A Roadmap to My Farm Labor Shortage and Immigration Posts
A critical farm input is disappearing
Farming is hard work. Farmers often need to hire help with that work. In the US, people willing to do farm work are getting harder and harder to find as the rural population ages and food prices limit what farmers can pay workers. Importing labor to grow food in the US has become controversial and difficult.
I have made seven(!) posts on farm labor—four more than I set out to—so I felt it was time to pause and provide a guide to these posts.
First, The Handwriting on the Barn Wall (December 2024) provides an overview of the US farm labor crisis and aging rural demographics. It’s come to a point where we are choosing between importing our food and importing labor to grow our food. The US has always imported farm labor, even before the US founders were born. It’s often been unpopular, and often illegal. Now, it’s so unpopular that our current president ran on mass deportation of immigrants—and is making quite a show carrying out what he perceives as a mandate for mass deportation.
My post Who Will Be Deported? (February 2025) is an overview of unauthorized immigration and deportations into the US and the immigrants over the past half-century. This post provides the context of the entire immigration battle, not just farm workers. This post explains the different types of unauthorized immigrants—documented versus undocumented—and who among them is eligible for deportation under US immigration law. This post includes immigration and deportation numbers since 1980. If you only recently tuned into the immigration issue, you will probably be surprised to learn which presidents have done what.
My second immigration post The Unauthorized Immigrants Filling Your Plate (February 2024) homes in on the role of immigration in agriculture since our days as British colonies. I quantified our current dependence on undocumented workers on farms and in food processing plants. I also speculated on how deporting all these people might impact our food supply, based on data from the COVID-19 pandemic.
We actually have real data on what happens when we remove the undocumented immigrants from our agricultural workforce, because three states tried this already. My next post Some Already Tried This at Home summarizes Arizona, Georgia, and Alabama efforts to intimidate undocumented immigrants into leaving their states. This post reveals the architect, organizations, and philosophy underlying the laws passed in these states—important because this philosophy is being scaled up to a national level by the current Trump Administration.

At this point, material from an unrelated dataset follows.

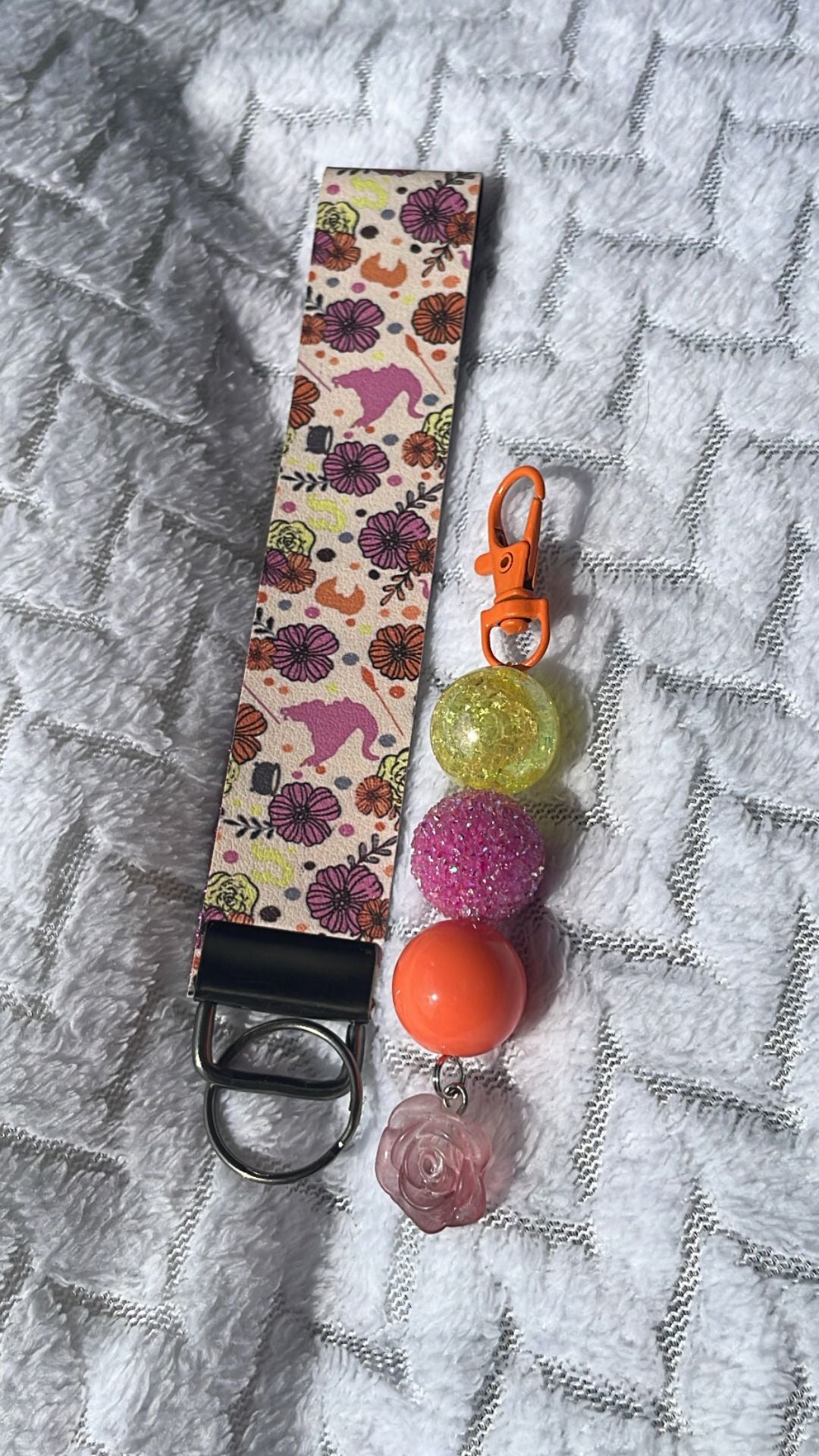 The Witches Garden Wristlet combines style and practicality with its handmade faux leather design. Compact yet spacious enough for essentials, it includes a playful bubble gum beaded charm that adds a touch of fun to your look. Perfect for keeping your belongings organized while complementing any outfit with effortless charm.

Accompanying this post are three posts detailing what these state-level anti-immigrant laws contain and what has happened to farms and farm Real Gross Domestic Product (RGDP) in those states after their passage:
Arizona in the Rear View Mirror summarizes Arizona’s 2007 and 2010 laws and their impacts on the state’s farm economy.
Take a Detour around Georgia covers Georgia’s 2011 law and its impact on that state’s farm economy.
Finally, Not-So-Sweet Home Alabama covers Alabama’s 2011 law and its farm economy impact.
Lots of words on the US farm labor situation—domestic and immigrant—because US security requires a secure food supply as well as secure borders. US farms need a reliable labor supply to survive. No US farms, no US-produced food.
I plan one more post at some point in the future, proposing solutions to this tough problem, but can’t promise a date, considering all the critical issues in agriculture.